Reversible Jump for normal mixtures in R^d I'm reading the article "Multivariate mixtures of normals with unknown number of
components" (Dellaportas and Papageorgiou 2006).
In this article they describe in great details how to implement a Reversible Jump MCMC algorithm, similar to the one by Richardson and Green, when the data is living in $R^d$.
The key point is that one needs to randomly generate a $(d \times d)$ rotation matrix $P$ in order to propose new values for the split move.
When $d=2$, this simply amounts to generate $\theta \in [0, \pi]$.
However when $d \geq 3$, the authors say:

Let also $P$ be a $(p × p)$ rotation matrix with columns orthonormal unit vectors which has $p(p − 1)/2$ free parameters. We generate $P$ by generating its lower triangular matrix under the diagonal independently from $p(p − 1)/2$ uniform $U(0, 1)$ densities

However, how can this $P$ be a rotation matrix?

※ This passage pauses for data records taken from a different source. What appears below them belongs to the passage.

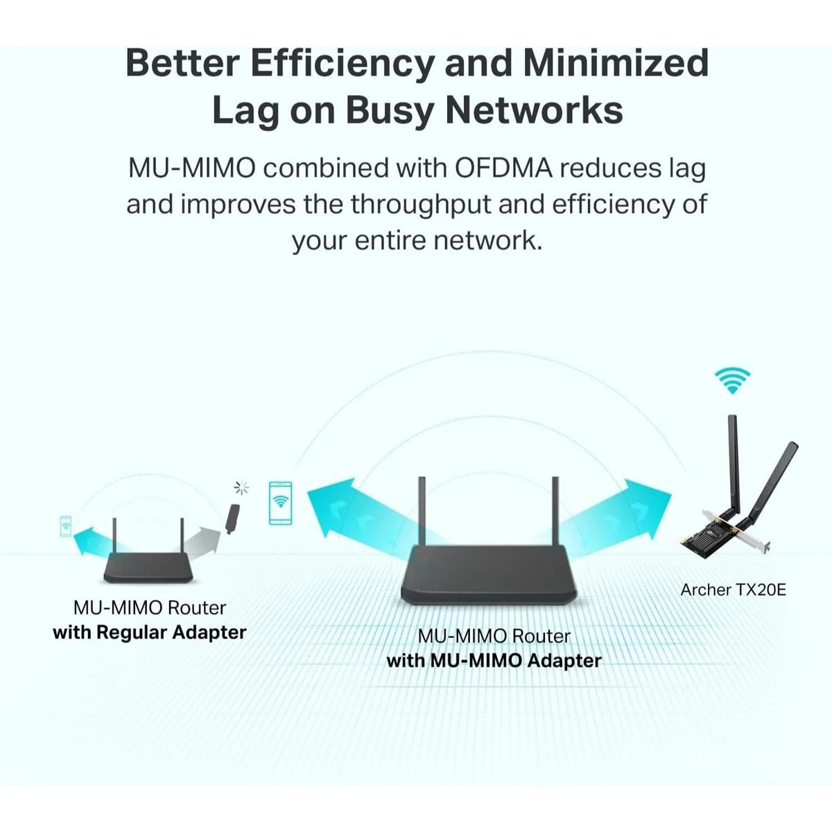 – Designed to excel in even the busiest of networks, Archer TX20E features Wi-Fi 6 technology to give you fast speed, low latency, and uninterrupted connectivity for your PC.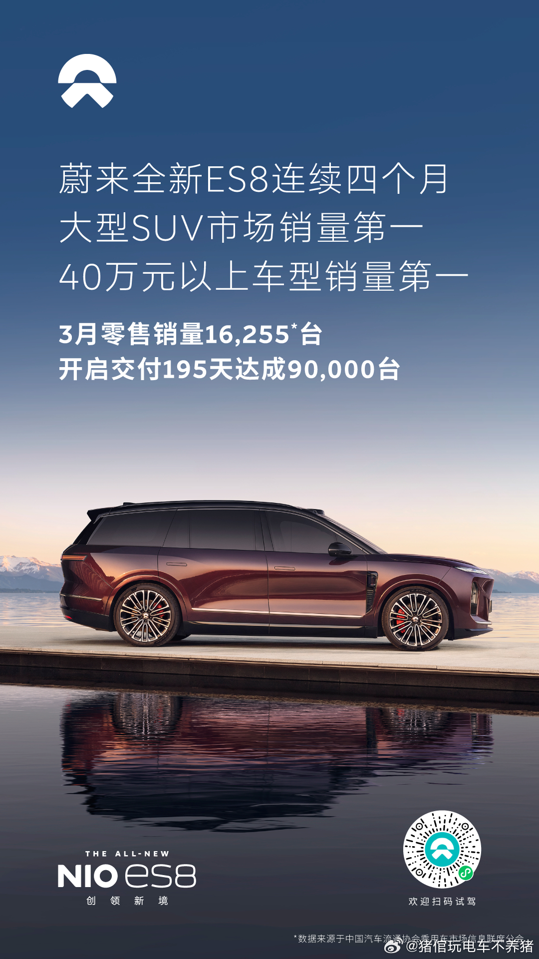 蔚来全新ES8,连续四个月斩获大型SUV和40万元以上车型销量冠军。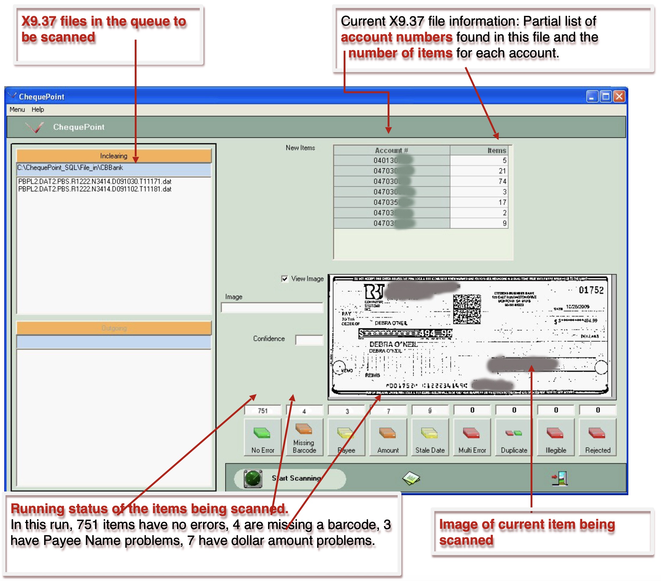 Cheque Guard will implement the ChequePoint at the Bank's (or its preferred processor) Operations/Data Center. The verification process begins with ICVS™ scanning 200 dpi check images in X9.37 or .TIF files.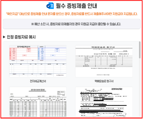 - 서류: 전자세금계산서·카드영수증, 운송장/배송내역 캡처, 사업자등록증, 통장사본 등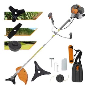 Com guidão ergonômico lateral, permite um alcance amplo e maior mobilidade, capaz de aumentar a produtividade diária. Possui motor 2 tempos á gasolina, de 51,6 Cilindradas (52cc) 10.000 de rotação 2,0 HP de potência que proporcionam maior performance e economia na operação. Seu conjunto de acessórios inclui kit de ferramentas, cinto de sustentação, carretel de nylon e lâmina de corte 3 pontas.
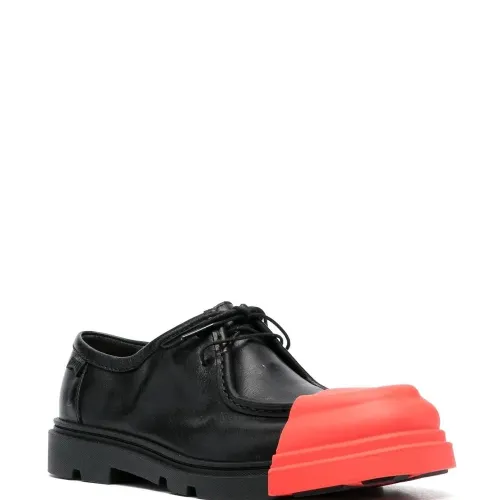 Черный, оранжевый, кожа, смесовый переработанный полиэстер, закругленный носок, шнуровка спереди, стелька с логотипом, низкий каблук и рифленая резиновая подошва. Кожа в составе этого товара сделана на фабрике, сертифицированной организациями Leather Working Group (LWG) или ICEC. Это гарантирует, что производитель минимизировал негативное влияние материала на окружающую среду. Узнать больше о том, какие товары получают отметку «Ответственный выбор», можно из материала «Как мы оцениваем экологичность и этичность».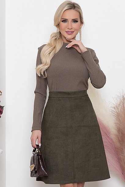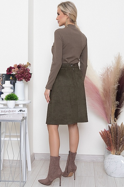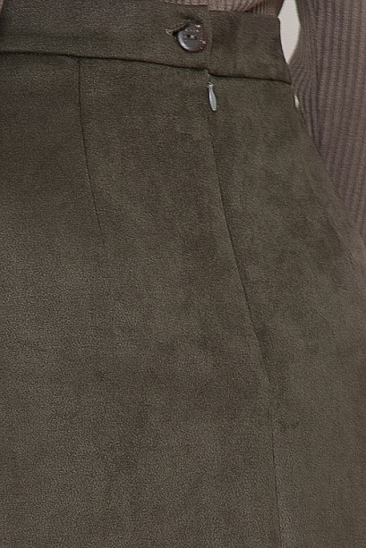 - Юбка трапеция из искусственной замши на притачном поясе и застежкой в среднем шве спинки на пуговицу и потайную молнию.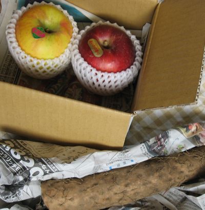 この度は、『信州なかの北原農園キャンペーン』の『秋堀新長芋の切れ500~800g+名月1玉+あいかの香り1玉』に当選させていただき、有難うございました。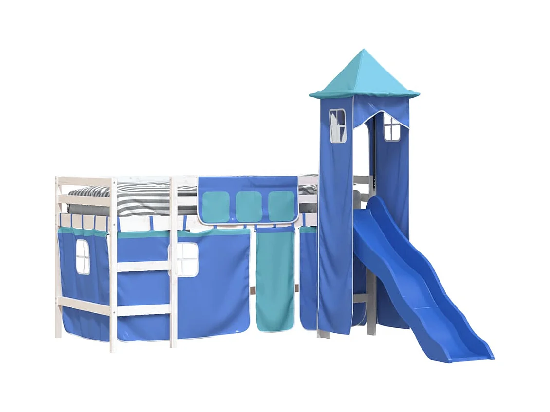 Lit mezzanine enfants avec tour bleu 80x200cm bois pin massif HOQW42393

 A: $P$ won't necessarily be a rotation matrix.
To see why, let $p = 3$, suppose we generate the lower-triangular part of the matrix $P$ according to this scheme as
$$
P = \left[ \begin{matrix} * & * & * \\ p_{21} & * & * \\ p_{31} & p_{32} & * \end{matrix} \right]
$$
There is no guarantee that $p_{21}^2 + p_{31}^2 < 1$, and hence no guarantee that there will exist a value of $p_{11}$ that will make the first column a unit vector, because $p_{11}^2 + p_{21}^2 + p_{31}^2 \ge p_{21}^2 + p_{31}^2 $. In fact, simple geometry tells us that $p_{21}^2 + p_{31}^2 < 1$ will happen only with probability $\frac{\pi}{4}$ (think of the unit square and unit circle overlayed), and thus there is a $1 - \frac{\pi}{4} \approx 21\%$ chance that this algorithm will fail in this case.
What the authors might have meant was to generate $P$ by drawing from $U(0, 1)$ and then by applying the Gram-Schmidt process, as described in this math.stackexchange question, but this is still the "wrong" way to generate random orthogonal matrices if what you really want are uniformly random orthogonal matrices, as is described in the accepted answer to that question.